Exercise:
For this exercise, copy exactly every line from the one holding "ロビーでの入館式です。実行委員さんがホテルの支配人に挨拶をしました。" through the end of the data, both included. Omit pictures.

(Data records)
= Beginning of Section =
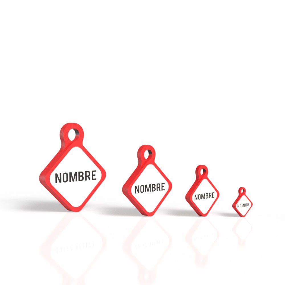 Con su diseño en forma de rombo, esta placa identificativa combina estilo y funcionalidad, siendo la opción perfecta para asegurar que tu perro esté identificado y protegido en todo momento. El color rojo, apasionado y brillante, destaca en cualquier ocasión y resalta la personalidad única de tu compañero.
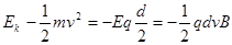 1、填空题 如图所示,质量为m,带电量为-q的粒子,从两平行电极板正中央垂直电场线和磁感线以速度v飞入.已知两板间距为d,磁感强度为B,这时粒子恰能直线穿过电场和磁场区域(重力不计).今将磁感强度增大到某值,则粒子将落到极板上.当粒子落到极板上时的动能为______.?
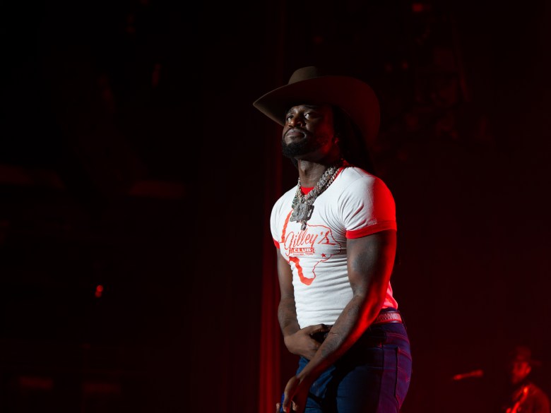 “I don’t know if this is too much,” exclaimed Shaboozey as he pointed at the chain hugging his neck. The country singer was dressed plainly in blue jeans and a T-shirt emblazoned with the logo for Gilley’s Club, the famous nightclub in Pasadena, Texas that ran for nearly two decades. What was not plain was the diamond chain with the initials “AD,” representing his American Dogwood record label. The piece caught the light throughout the night and glimmered even in darkness.
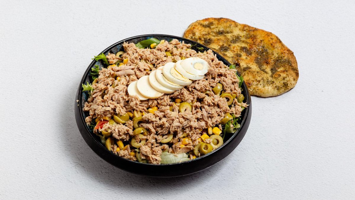 חסה, עגבנייה, מלפפון, בצל לבן, זיתים, תירס, טונה וביצה קשה
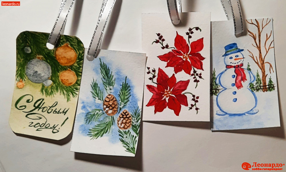 На мастер-классе вы подготовите небольшие заготовки под бирочки, в акварельной технике напишете 4 новогодних сюжета и оформите бирочки на ленточки для крепления к подаркам.
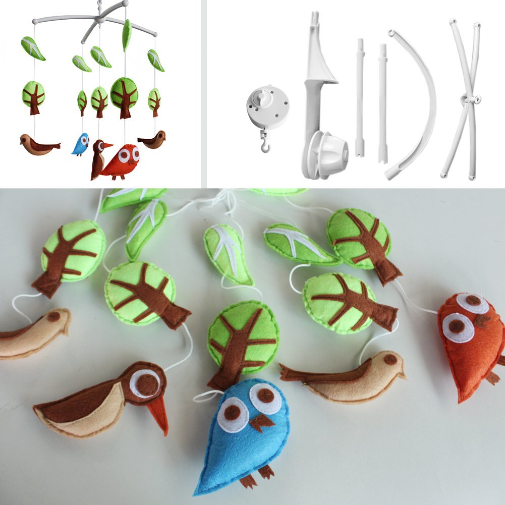 Each package contains a Baby Crib Mobile Bed Bell Holder Arm Bracket and a Wind-up Music Box and toys. This handmade baby crib mobile plays light music to help your baby easily fall asleep. Easy operation and convenient to use, it will rotate while playing music. Each mobile plays Only One soothing pure and light song. Keep baby calm and happy, with this mesmerizing mobile. It is an essential product for baby and nursery. The toys are made from nonwoven fabric. Please note: Can be customized, please contact us about the colors you like, otherwise we will ship the item in original color to you.
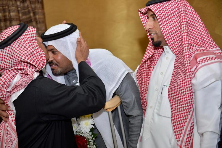 وكان في استقبال الوفد لدى وصولهم منزل والد المصاب هشام عبدالله الدوخي ببلدة الجشة في محافظة الأحساء، والذي اطمأنّ على حالته الصحية.
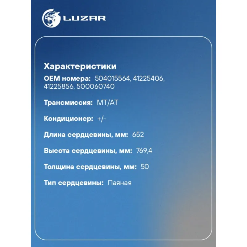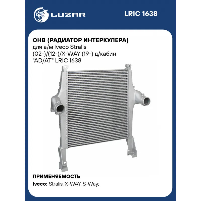 ОНВ (радиатор интеркулера) для а/м Iveco Stralis (02-)/(12-)/X-WAY (19-) д/кабин "AD/AT" Характеристики: Артикул: LRIC 1638 OEM номера: 504015564, 41225406, 41225856, 500060740 Трансмиссия: MT/AT Кондиционер: +/- Длина сердцевины, мм: 652 Высота сердцевины, мм: 769,4 Толщина сердцевины, мм: 50 Материал сердцевины: алюминий Материал бачков: алюминий Тип сердцевины: паяная Сопутствующий товар: Радиаторы охлаждения: LRc 1619; LRc 1620 Подходит для авто: Iveco Stralis (03-), Stralis (12-), X-WAY (19-), S-Way (19-) Для проверки применяемости отправьте VIN автомобиля через вкладку "Есть вопросы о товаре?" Комплектация: Радиатор интеркулера Паспорт изделия Гарантия: от 1 года.
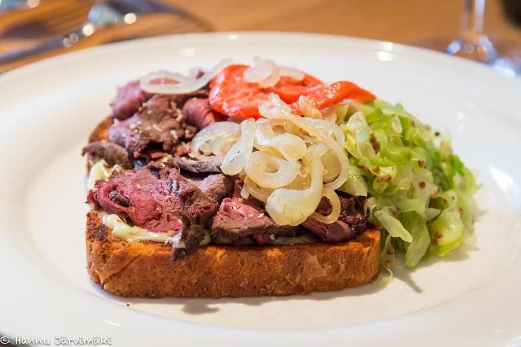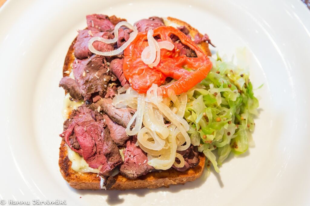 Berthassa savustimme lihan ammattilaissysteemein. Kokeilen tämänkin vielä kotikeittiössä elokuussa vaikka savustuspussilla ja raportoin tulokset. Yksinkertaisimmillaan voit paistaa naudan- tai hevosenpaistia tai filettä voissa roseeksi ja siivuttaa sen ohuiksi viipaleiksi leivän päälle.
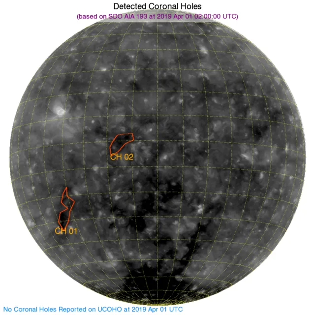 赤道付近東寄りと南半球東側に小さなコロナホールがあります
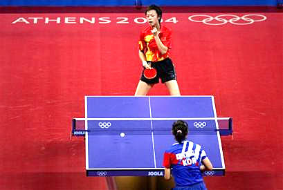 中新網8月21日電 剛剛結束的第28屆雅典奧運會乒乓球女子單打半決賽第一場比賽中,中國選手張怡寧以4:1的總比分擊敗韓國選手率先進行決賽。決賽將在北京時間8月22日晚舉行。
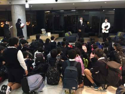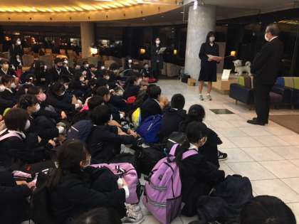 ロビーでの入館式です。実行委員さんがホテルの支配人に挨拶をしました。
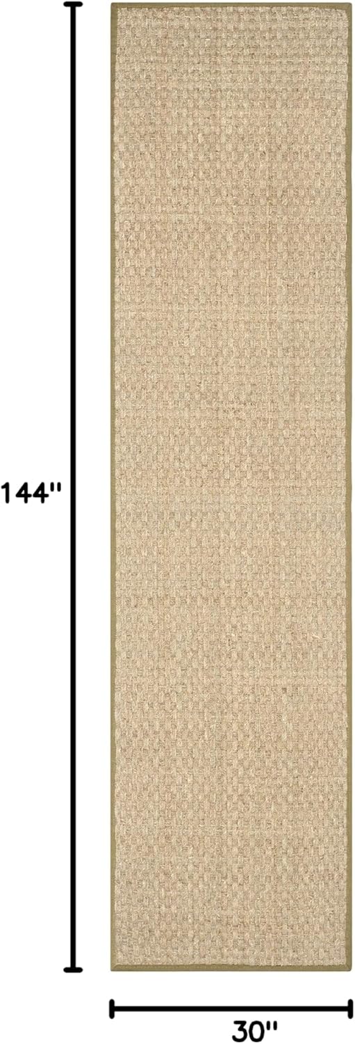 Ковер-дорожка SAFAVIEH, 77 x 366 см, Natural Fiber Collection - Natural & Olive Green, сизаль, узор "корзинное плетение" с каймой (NF114G)
= End of Section =
Answer below:
 ロビーでの入館式です。実行委員さんがホテルの支配人に挨拶をしました。
 Ковер-дорожка SAFAVIEH, 77 x 366 см, Natural Fiber Collection - Natural & Olive Green, сизаль, узор "корзинное плетение" с каймой (NF114G)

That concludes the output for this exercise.